LISTED ENTRIES
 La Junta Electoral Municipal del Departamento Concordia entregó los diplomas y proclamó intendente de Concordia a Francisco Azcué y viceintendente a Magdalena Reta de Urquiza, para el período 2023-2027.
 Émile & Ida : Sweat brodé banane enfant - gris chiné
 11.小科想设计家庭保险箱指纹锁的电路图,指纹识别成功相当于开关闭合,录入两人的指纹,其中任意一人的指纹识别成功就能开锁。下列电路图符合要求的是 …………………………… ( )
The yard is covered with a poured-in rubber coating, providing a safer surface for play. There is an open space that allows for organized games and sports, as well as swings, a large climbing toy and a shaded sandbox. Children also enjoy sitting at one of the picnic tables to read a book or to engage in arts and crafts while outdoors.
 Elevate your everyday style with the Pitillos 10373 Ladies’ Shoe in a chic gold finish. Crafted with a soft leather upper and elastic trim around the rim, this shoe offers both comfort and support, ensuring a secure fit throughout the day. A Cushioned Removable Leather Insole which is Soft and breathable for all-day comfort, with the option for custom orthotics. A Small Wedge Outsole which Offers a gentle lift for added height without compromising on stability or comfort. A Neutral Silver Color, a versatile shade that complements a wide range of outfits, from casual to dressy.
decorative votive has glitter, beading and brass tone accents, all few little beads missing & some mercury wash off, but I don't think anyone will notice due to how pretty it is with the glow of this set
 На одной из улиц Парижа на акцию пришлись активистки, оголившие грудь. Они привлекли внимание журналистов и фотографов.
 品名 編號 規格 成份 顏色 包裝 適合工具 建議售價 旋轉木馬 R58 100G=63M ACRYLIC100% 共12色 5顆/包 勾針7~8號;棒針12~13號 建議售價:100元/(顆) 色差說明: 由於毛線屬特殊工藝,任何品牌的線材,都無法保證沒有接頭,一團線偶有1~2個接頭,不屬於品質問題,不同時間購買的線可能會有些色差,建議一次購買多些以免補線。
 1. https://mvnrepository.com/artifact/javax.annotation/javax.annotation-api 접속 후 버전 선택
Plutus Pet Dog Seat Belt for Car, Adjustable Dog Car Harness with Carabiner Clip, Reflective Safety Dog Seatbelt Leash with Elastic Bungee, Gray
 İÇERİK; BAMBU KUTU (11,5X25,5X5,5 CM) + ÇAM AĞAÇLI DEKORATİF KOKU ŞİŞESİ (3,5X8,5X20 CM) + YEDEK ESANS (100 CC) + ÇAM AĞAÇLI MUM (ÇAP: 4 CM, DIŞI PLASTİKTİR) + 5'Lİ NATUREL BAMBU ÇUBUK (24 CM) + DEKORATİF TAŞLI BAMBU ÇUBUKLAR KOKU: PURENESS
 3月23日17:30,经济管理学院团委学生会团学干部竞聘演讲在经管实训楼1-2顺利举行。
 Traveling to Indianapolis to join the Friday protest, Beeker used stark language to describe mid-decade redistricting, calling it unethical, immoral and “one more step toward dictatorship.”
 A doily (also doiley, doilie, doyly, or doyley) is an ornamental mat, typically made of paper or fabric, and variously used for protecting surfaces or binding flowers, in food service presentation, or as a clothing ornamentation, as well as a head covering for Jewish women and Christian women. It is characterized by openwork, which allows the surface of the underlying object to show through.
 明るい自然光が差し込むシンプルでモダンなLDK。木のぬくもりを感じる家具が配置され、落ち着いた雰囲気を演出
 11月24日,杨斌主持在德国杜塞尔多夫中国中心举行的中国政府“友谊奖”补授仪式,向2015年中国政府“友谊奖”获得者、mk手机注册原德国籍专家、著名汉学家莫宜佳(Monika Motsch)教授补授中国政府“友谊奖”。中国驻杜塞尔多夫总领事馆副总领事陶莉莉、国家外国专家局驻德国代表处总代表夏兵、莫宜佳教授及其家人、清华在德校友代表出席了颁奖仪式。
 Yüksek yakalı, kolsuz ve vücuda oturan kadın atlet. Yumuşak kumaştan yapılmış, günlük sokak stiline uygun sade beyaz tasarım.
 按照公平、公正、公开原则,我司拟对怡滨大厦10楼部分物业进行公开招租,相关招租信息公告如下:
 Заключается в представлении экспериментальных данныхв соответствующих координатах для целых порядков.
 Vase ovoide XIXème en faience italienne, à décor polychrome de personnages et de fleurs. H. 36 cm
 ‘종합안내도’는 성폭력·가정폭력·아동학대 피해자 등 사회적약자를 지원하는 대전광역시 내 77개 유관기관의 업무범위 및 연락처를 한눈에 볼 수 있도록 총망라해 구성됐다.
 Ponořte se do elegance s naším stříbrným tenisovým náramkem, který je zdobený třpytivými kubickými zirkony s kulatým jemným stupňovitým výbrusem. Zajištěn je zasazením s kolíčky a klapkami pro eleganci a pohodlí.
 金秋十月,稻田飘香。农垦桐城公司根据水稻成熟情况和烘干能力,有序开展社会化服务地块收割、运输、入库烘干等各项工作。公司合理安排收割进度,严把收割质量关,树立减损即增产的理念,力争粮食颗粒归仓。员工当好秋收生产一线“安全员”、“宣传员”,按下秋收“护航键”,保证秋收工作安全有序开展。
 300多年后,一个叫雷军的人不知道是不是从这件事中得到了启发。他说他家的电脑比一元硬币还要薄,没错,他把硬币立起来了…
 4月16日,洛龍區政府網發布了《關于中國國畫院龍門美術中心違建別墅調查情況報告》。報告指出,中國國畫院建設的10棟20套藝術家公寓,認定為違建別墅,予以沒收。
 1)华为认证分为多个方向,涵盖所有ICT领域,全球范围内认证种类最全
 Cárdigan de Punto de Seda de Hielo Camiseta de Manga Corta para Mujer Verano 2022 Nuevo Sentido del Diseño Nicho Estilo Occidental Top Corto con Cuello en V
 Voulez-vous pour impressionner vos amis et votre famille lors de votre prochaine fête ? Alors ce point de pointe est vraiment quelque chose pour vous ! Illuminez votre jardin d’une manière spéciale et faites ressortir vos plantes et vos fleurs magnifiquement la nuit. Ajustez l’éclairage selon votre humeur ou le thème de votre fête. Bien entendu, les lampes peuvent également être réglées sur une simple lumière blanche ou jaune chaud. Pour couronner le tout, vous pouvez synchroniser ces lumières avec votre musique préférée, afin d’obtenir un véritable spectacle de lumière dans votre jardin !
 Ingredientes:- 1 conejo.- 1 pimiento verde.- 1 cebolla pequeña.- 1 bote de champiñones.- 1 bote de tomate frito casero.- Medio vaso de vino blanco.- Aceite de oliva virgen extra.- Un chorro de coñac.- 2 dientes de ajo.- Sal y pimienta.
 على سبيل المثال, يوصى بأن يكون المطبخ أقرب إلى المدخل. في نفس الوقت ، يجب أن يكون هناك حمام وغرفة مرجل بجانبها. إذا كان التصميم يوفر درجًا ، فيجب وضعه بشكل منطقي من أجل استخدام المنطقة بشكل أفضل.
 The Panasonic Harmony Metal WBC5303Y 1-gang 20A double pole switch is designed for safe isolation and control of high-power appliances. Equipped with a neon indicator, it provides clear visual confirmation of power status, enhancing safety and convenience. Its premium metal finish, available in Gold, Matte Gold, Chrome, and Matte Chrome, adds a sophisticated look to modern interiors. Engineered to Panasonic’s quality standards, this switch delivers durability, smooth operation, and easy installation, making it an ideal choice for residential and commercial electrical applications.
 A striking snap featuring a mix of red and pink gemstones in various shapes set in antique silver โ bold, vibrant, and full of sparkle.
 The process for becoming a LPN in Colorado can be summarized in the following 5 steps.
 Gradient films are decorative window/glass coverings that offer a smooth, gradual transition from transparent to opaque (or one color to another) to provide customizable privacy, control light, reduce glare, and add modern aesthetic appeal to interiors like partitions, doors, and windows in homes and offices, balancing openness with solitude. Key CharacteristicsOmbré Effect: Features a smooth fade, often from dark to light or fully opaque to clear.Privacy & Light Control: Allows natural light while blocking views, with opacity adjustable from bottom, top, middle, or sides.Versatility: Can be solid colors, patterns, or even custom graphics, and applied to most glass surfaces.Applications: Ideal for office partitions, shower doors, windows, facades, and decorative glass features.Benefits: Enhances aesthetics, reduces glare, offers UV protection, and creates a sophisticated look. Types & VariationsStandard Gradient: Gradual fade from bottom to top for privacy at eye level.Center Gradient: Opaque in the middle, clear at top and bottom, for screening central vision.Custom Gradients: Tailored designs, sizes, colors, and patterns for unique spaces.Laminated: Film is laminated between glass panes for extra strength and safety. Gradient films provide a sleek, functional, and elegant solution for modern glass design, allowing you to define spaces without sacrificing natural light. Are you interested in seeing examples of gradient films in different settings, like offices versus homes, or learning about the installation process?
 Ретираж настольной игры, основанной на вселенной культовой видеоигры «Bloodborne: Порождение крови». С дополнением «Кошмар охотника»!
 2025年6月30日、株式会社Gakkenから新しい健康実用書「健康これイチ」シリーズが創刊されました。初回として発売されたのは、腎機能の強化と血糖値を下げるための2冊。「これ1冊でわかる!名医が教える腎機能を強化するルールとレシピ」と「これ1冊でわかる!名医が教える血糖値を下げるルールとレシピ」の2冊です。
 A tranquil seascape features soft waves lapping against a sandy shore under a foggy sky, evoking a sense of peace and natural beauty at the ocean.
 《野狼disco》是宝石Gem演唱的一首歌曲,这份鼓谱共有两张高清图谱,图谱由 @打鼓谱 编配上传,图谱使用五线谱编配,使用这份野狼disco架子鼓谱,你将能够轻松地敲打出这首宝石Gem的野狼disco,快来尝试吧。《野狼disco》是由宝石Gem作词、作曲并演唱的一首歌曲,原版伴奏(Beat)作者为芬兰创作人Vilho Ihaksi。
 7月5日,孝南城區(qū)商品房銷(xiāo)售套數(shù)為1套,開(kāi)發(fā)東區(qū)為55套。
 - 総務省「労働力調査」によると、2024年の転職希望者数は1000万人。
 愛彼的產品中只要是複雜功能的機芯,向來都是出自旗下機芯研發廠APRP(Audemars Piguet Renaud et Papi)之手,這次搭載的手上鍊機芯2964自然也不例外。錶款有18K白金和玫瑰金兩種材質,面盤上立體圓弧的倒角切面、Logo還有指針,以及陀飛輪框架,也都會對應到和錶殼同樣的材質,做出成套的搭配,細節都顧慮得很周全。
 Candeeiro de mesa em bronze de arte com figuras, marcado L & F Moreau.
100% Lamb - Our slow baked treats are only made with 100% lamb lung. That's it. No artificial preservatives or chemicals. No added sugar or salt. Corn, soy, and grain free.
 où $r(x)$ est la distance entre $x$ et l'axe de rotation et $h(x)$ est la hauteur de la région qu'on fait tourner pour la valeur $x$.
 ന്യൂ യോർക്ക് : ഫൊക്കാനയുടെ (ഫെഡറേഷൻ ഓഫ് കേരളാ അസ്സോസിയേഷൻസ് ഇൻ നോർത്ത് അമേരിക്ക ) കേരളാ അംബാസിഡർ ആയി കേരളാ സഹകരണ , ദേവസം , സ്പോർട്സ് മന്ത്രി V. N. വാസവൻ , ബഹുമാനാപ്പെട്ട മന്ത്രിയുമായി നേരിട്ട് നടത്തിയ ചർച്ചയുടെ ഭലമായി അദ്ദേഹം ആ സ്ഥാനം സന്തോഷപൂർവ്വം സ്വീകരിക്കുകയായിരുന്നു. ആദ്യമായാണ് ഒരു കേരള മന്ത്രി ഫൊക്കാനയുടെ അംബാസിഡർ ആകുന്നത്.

WORK TASK
Look over the records above and filter for each line with the word "also".

SOLVED EXERCISE
The yard is covered with a poured-in rubber coating, providing a safer surface for play. There is an open space that allows for organized games and sports, as well as swings, a large climbing toy and a shaded sandbox. Children also enjoy sitting at one of the picnic tables to read a book or to engage in arts and crafts while outdoors.
 A doily (also doiley, doilie, doyly, or doyley) is an ornamental mat, typically made of paper or fabric, and variously used for protecting surfaces or binding flowers, in food service presentation, or as a clothing ornamentation, as well as a head covering for Jewish women and Christian women. It is characterized by openwork, which allows the surface of the underlying object to show through.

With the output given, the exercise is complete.